Any suggestions? Thank you!!


----------



## John Smith_inFL (Dec 15, 2017)

Welcome, Scout. Your project is most commendable.
For me, tools are mostly personal to ones skills or anticipated interests. Would a gift card be out of your considerations? Then, he come join here after Christmas and go over what he would like and we could help him with the tools he may need.


----------



## JCamp (Nov 22, 2016)

Welcome to LJs
I think what you are doing is a great idea. However if you were my wife I’d be against it. Unless he needs a little bit of everything then he probably already has a idea of what he needs better than any of us can guess. I’m a tightwad and very much a practical person when it comes to money though.

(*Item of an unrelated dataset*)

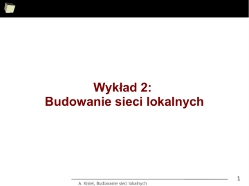 Wykład 2: Budowanie sieci lokalnych A. Kisiel, Budowanie sieci lokalnych 1 Budowanie sieci lokalnych Technologie istotne z punktu widzenia konfiguracji i testowania poprawnego działania sieci lokalnej: Protokół ICMP i narzędzia go wykorzystujące Mapowanie adresów: DNS i ARP ■ Funkcje i znaczenie routera w sieci lokalnej ■ Technologia NAT ■ Interfejs sieciowy i jego konfiguracja ■ Automatyczna konfiguracja sieci: DHCP ■ A. Kisiel, Budowanie sieci lokalnych 2 Sieć lokalna Internet router host serwer DNS (DHCP, WWW, etc.) Sieć lokalna ma wspólny „adres IP sieci” ■ Zwykle stanowi jeden zespół komputerów połączonych Ethernetem i/lub WiFi ■ A. Kisiel, Budowanie sieci lokalnych 3 Protokół ICMP Protokół ICMP (Internet Control Message Protocol) działa w w. sieci, jest przekazywany w ramkach IP ■ ICMP kontroluje i modyfikuje działania urządzeń w w. sieci: steruje przepływem danych raportuje brak możliwości dostarczenia danych (z podaniem przyczyny) umożliwia przekierowanie tras testuje osiągalność zdalnego hosta raportuje przekroczenie TTL protokółu IP (Time-To-Live), gdy pakiet jest zbyt wiele razy przekazywany pomiędzy kolejnymi hostami ■ A. Kisiel, Budowanie sieci lokalnych 4 Zastosowanie ICMP: ping i traceroute Polecenie ping wykorzystuje funkcjonalność ICMP Echo: host otrzymujący taki komunikat powinien odpowiedzieć można sprawdzić dostępność hosta można sprawdzić czas dostępu i jakość łącza ■ Polecenie traceroute korzysta z funkcjonalności TTL protokołu IP i odpowiedzi ICMP do śledzenia drogi pakietów w sieci pokazuje trasę, którą przebywają pakiety po drodze do zdalnego hosta testuje, gdzie urywa się połączenie pokazuje czas odpowiedzi w kolejnych etapach ■ A. Kisiel, Budowanie sieci lokalnych 5 Mapowanie adresów: DNS ■ Usługa DNS (Domain Name Service) dokonuje zamiany (mapowania) nazwy literowej komputera na adres IP. działa w warstwie aplikacji, t.j. w sieci musi być uruchomiona aplikacja serwera DNS na konkretnym komputerze. Jego adres musimy podać jako część konfiguracji sieci. mapowanie nazwa-IP nie jest jednoznaczne, chociaż każde zapytanie o poprawną nazwę zawsze zwraca jeden numer IP w lokalnej sieci jeden serwer DNS lub wcale można użyć lokalnego pliku /etc/hosts A. Kisiel, Budowanie sieci lokalnych 6 Mapowanie adresów: ARP ■ Protokół ARP działa na połączeniu w. łącza danych i sieciowej. Dokonuje translacji adresów IP na adresy sprzętowe MAC poprawne odpowiedzi ARP są przechowywane w lokalnej tablicy ARP (większa szybkość) gdy adres IP jest poprawny, ale nie znajduje się w sieci lokalnej, ARP podaje adres urządzenia, które wie co dalej zrobić z pakietem Adresy MAC są unikalne globalnie, ale nie da się ich użyć do adresowania w Internecie. Przy pomocy ARP poznajemy tylko adresy wewnątrz naszej sieci lokalnej (Ethernet) A. Kisiel, Budowanie sieci lokalnych 7 Znaczenie i funkcje routera ■ Router (gateway) jest urządzeniem łączącym sieć lokalną z inną siecią (w tym z Internetem) działa w w. sieci – funkcjonuje na podstawie adresów IP jego adres MAC jest granicą poza którą kończy się „sieć lokalna” musi mieć połączenie z co najmniej dwoma sieciami i przekierowuje ruch pomiędzy nimi (w obie strony) każdy komputer w sieci lokalnej, który chce połączyć się z Internetem musi znać jego adres (część konfiguracji komputera) A. Kisiel, Budowanie sieci lokalnych 8 Technologia NAT ■ Technologia NAT (Network Address Translation) mapuje jedne adresy IP/porty na inne Powszechnie stosowane do podłączenia sieci prywatnych do Internetu Taka sieć prywatna jest widoczna z zewnątrz jako jeden adres IP (adres routera), wewnątrz sieci komputery są rozróżniane przez ich adresy IP, na zewnątrz każda lokalna kombinacja IP+numer portu jest mapowane na inny port zewnętrzny routera. Router musi obsługiwać NAT – gdy jakiś komputer z sieci lokalnej łączy się ze światem, połączenie jest mapowane na jeden z portów routera przypisanych do zewnętrznego adresu. Komunikacja zwrotna na ten port jest przekierowywana do hosta w sieci lokalnej. Zalety i wady rozwiązania: ➔ „Oszczędza” adresy IP ➔ Utrudnia ataki na komputery w sieci lokalnej ➔ Serwer postawiony na komputerze w sieci lokalnej nie będzie widoczny z zewnątrz (bez dodatkowych działań) A. Kisiel, Budowanie sieci lokalnych 9 Router a gateway ■ Często stosowaną konfiguracją sieci lokalnej jest zmiana sposobu podłączenia do sieci Internet: zamiast routera używa się gateway Router to urządzenie działające w w. sieci i w. transportowej, gateway działa w w. aplikacji Aby dostać się do „wewnętrznej” sieci, należy najpierw zalogować się na gatewayu, dopiero z niego można połączyć się z komputerami w sieci lokalnej. Połączenia wychodzące zwykle nie mają tego ograniczenia. Pozwala to na lepszą kontrolę bezpieczeństwa, dodatkowo sieć lokalna może być nierutowalna A. Kisiel, Budowanie sieci lokalnych 10 Interfejs sieciowy ■ Interfejs sieciowy, to punkt dostępu przy pomocy którego komputer komunikuje się z siecią zwykle jest związany z konkretnym urządzeniem fizycznym (kiedyś kartą sieciową, teraz zwykle wbudowaną w płytę główną), ale nie zawsze (np. interfejs loopback) ma przypisany adres sieciowy (dla Internetu: adres IP) jest obiektem używanym w konfiguracji bardziej zaawansowanych funkcjonalności sieciowych (routing, dzielenie łącza) A. Kisiel, Budowanie sieci lokalnych 11 Konfiguracja sieci ■ „Skonfigurowanie sieci” polega na logicznym powiązaniu adresów z konkretnymi urządzeniami oraz wskazanie sposobów połączenia z najważniejszymi usługami Musimy się upewnić, że mamy poprawnie uruchomione urządzenie fizyczne (zwykle: poprawnie zainstalowany sterownik) Adres IP przypisujemy poleceniem ifconfig Wskazujemy sposób kontaktu z adresami poza naszą siecią lokalną poleceniem route Podajemy adres
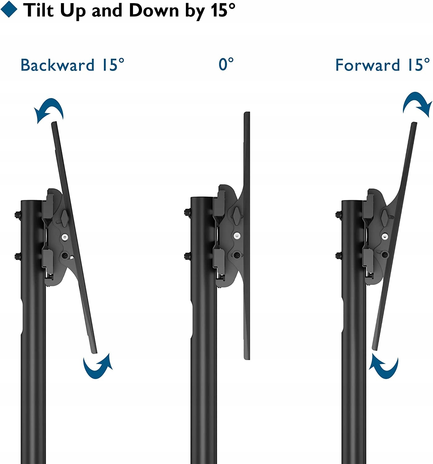 Монтажный кронштейн можно наклонять вверх и вниз на 15 градусов; имеет 8 уровней регулировки высоты от 1016,5 мм до 1517 мм (каждую высоту можно регулировать на 71,5 мм) для обеспечения оптического угла обзора; оснащен прочной медиа-полкой для хранения ноутбука, DVD или игровой системы; полку также можно отрегулировать на любую высоту.

Some things are always a good bet that he could use even if he has another like:
Estwing stacked leather handled hammer
Buck or case locking blade knife
Stanley fatmax tape measure or nice folding ruler
Quality heavy guage extension cord
Subscription to a woodworking magazine that has the same stuff he likes/wants to build
A nice set of screwdrivers
Quality American made combination square
Kreg jig
Woodworking clamps
Some folks also like the leather aprons they make for woodworkers. I’m more of a fan of bibs though.
Or just ask him to give you his own list so you know you’ll get it right. Just save the receipt. Good luck!


----------



## Phil32 (Aug 31, 2018)

The members on this woodworking site wrestle with the question of tools needed all the time. But many of them don't have the answer. All they've acquired is a "tool fetish."


----------



## girrlscout (1 mo ago)

Thank you for your kindness and patience as I stumble in the woods blindfolded...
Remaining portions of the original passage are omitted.